In one embodiment, the predetermined user portrait prediction model may specifically include a plurality of portrait prediction submodels. Wherein each of the plurality of image predictor models corresponds to one image label.
Correspondingly, a plurality of portrait prediction submodels contained in a preset portrait prediction model of the user can be called to respectively process the characteristic data of the user object, a plurality of different portrait labels corresponding to the user object are obtained, and further the personalized demand tendency or preference of the user object can be more finely and comprehensively depicted by utilizing the different portrait labels.
In one embodiment, matching target push rules can be customized for a user object in a targeted manner according to portrait labels of the user object; and further, according to the target pushing rule, appropriate target business data can be pushed to the user object.
In an embodiment, the target pushing rule may specifically be a construction manner of business data matched with the user object and applicable to the user object, a marketing scheme of the business data, or a recommendation policy of the business data. The target push rule may also be rule data of other contents corresponding to different service data and application scenarios. The present specification is not limited to these.
In one embodiment, specifically, the server may determine a target push rule suitable for the user object in a targeted manner according to the portrait label of the user object; further, target business data with high matching degree with the user object and high user object receiving probability can be configured according to a target pushing rule; and then, according to a target pushing rule, selecting a pushing mode which is preferred by the user object and can be reached in time, and pushing the target service data to the user object.
When the user object receives the target service data pushed according to the target pushing rule, relatively, the user object has a higher probability of being willing to accept the target service data.
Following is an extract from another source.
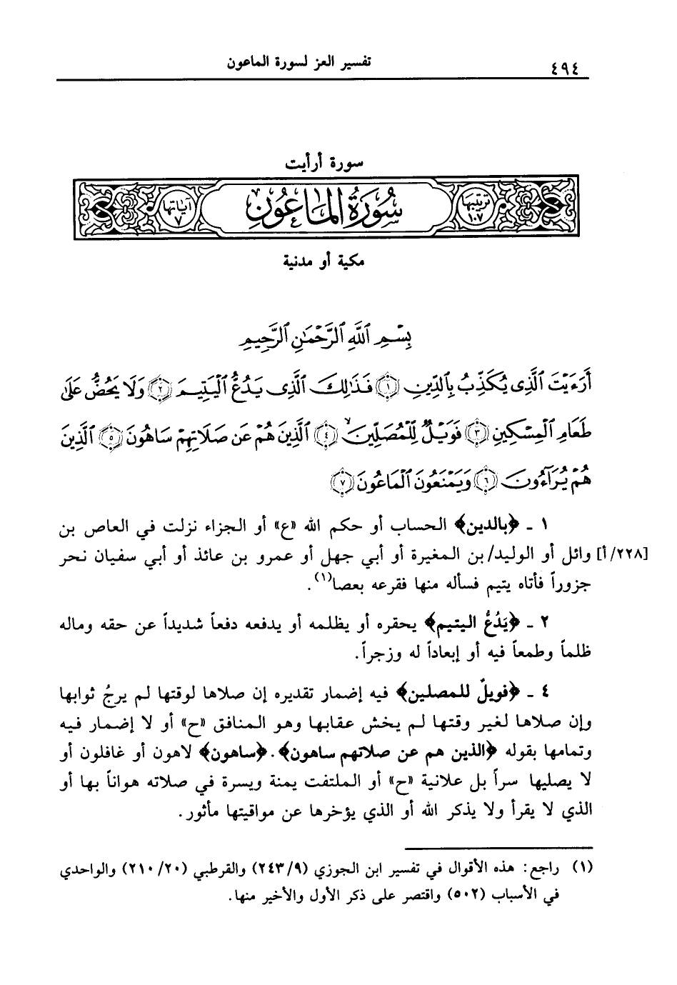 1 - {بِالدِّينِ} الحساب أو حكم الله " ع " أو الجزاء نزلت في العاص بن وائل أو الوليد [228 / أ] بن المغيرة أو أبي جهل أو عمرو بن عائذ أو أبي سفيان نحر جزوراً فأتاه يتيم فسأله منها فقرعه بعصا.

Therefore, the pushing success rate can be effectively improved, and a better pushing effect is obtained.
As can be seen from the above, based on the method for pushing business data provided in this specification, when a server pushes business data to a user object, a guest group type of the user object may be determined first, and then a prediction sub-model that is matched with the guest group type of the user object in a preset target user prediction model established in advance based on horizontal federal learning according to first sample data in a first data party and second sample data in a second data party may be called to process feature data of the user object, so as to accurately identify whether the user object belongs to a potential target user that will accept the pushed business data; under the condition that the user object is determined to be the target user, further calling a preset user portrait prediction model established in advance according to the first sample data and the second sample data based on longitudinal federal learning to process the feature data of the user object so as to obtain a portrait label of the user object; and then, a target pushing rule matched with the user object can be generated according to the portrait label, and appropriate target business data can be pushed to the user object in a targeted manner according to the target pushing rule, so that a good pushing effect can be obtained, the pushing success rate is improved, and the accurate pushing of the business data of the user object is realized.
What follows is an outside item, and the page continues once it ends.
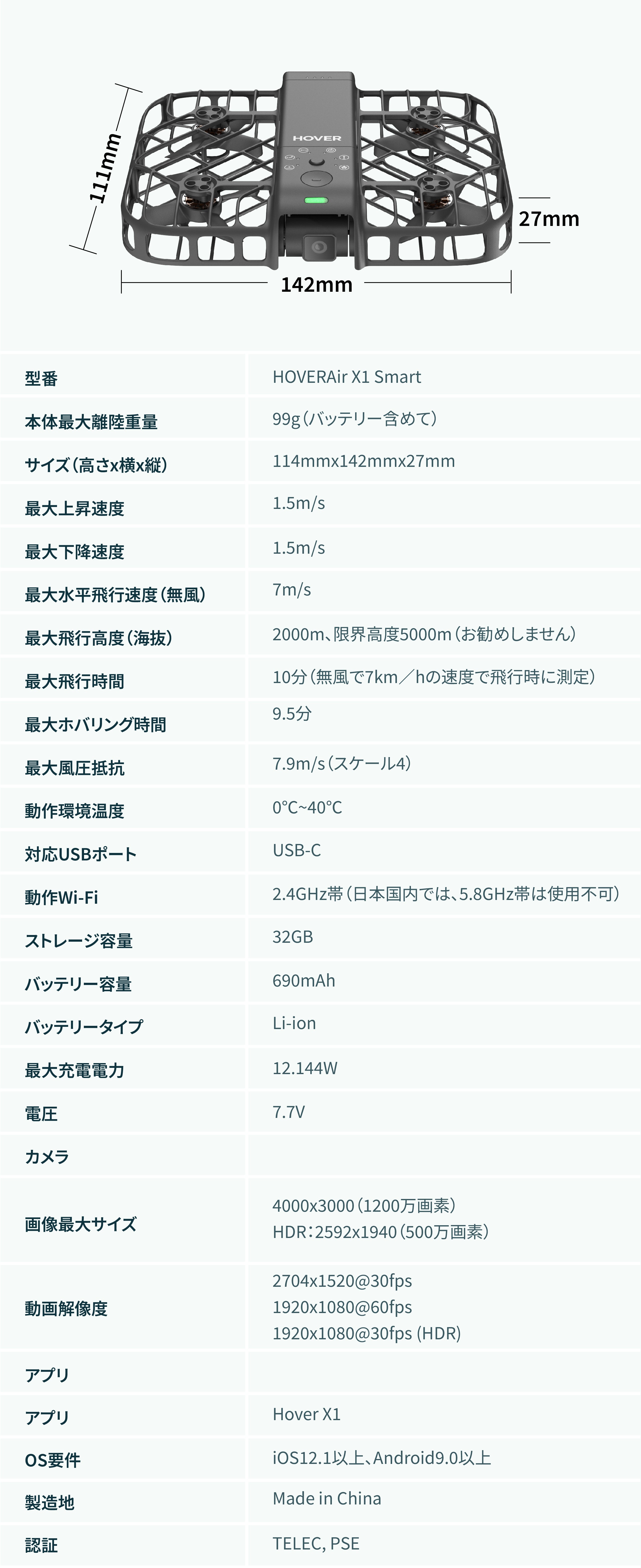 AI飛行カメラの殻を破る、わずか99g!日本向けに新たに開発された特別仕様。軽量・コンパクトなデザインがさらに進化!100g未満のため、機体の登録申請とリモートID機器の搭載が一切不要!届いたらすぐに楽しめる、日本での「使いやすさ」を徹底追求!

In an embodiment, the preset target user prediction model (which may be denoted as model a) invoked by the server may be specifically established by the first server and the second server in advance based on horizontal federal learning according to first sample data in the first data party and second sample data in the second data party respectively held by the first server and the second server.
In an embodiment, in implementation, for the first server side, the preset target user prediction model may be specifically trained in the following manner.
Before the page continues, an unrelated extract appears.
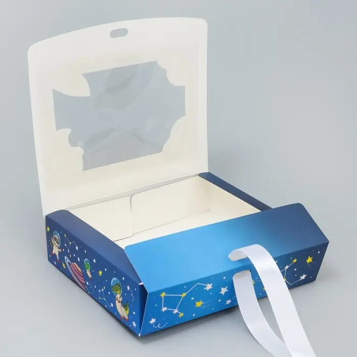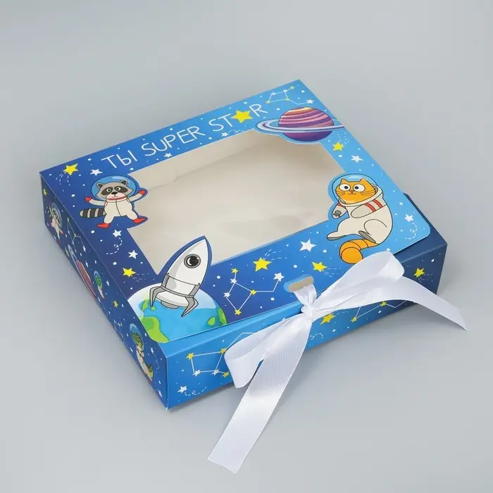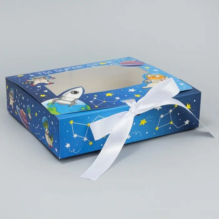 Коробка подарочная складная с пластиковым окном, упаковка, «Космос», 20 х 18 х 5 см

S1: the method comprises the steps that a first server responds to a first training request about a preset target user prediction model, and performs sample data fusion in cooperation with a second server according to a protocol rule based on horizontal federal learning so as to determine a first positive sample user, a first negative sample user and a first pseudo negative sample user in an output customer group sample user and a second positive sample user and a second mixed negative sample user in a non-output customer group sample user; the first server is deployed at one side of a first data party, the held first sample data at least comprises non-business characteristic data of a full amount of sample users, and the full amount of sample users comprise user management customer group sample users and non-user management customer group sample users; the second server is a server deployed at one side of a second data party, and second sample data held by the second server at least comprises service class characteristic data of a full positive sample user;
s2: acquiring non-service characteristic data of a first positive sample user and non-service characteristic data of a first negative sample user from the first sample data to serve as first grouping sample data; acquiring non-service characteristic data of a second positive sample user and non-service characteristic data of a second mixed negative sample user from the first sample data to serve as second grouping sample data;
s3: training by using the first grouping sample data to obtain a first predictor model (which can be marked as a model A1); training to obtain a second predictor model (which can be marked as a model A2) by using the second sample data;
s4: and combining the first prediction submodel and the second prediction submodel to obtain a preset target user prediction model.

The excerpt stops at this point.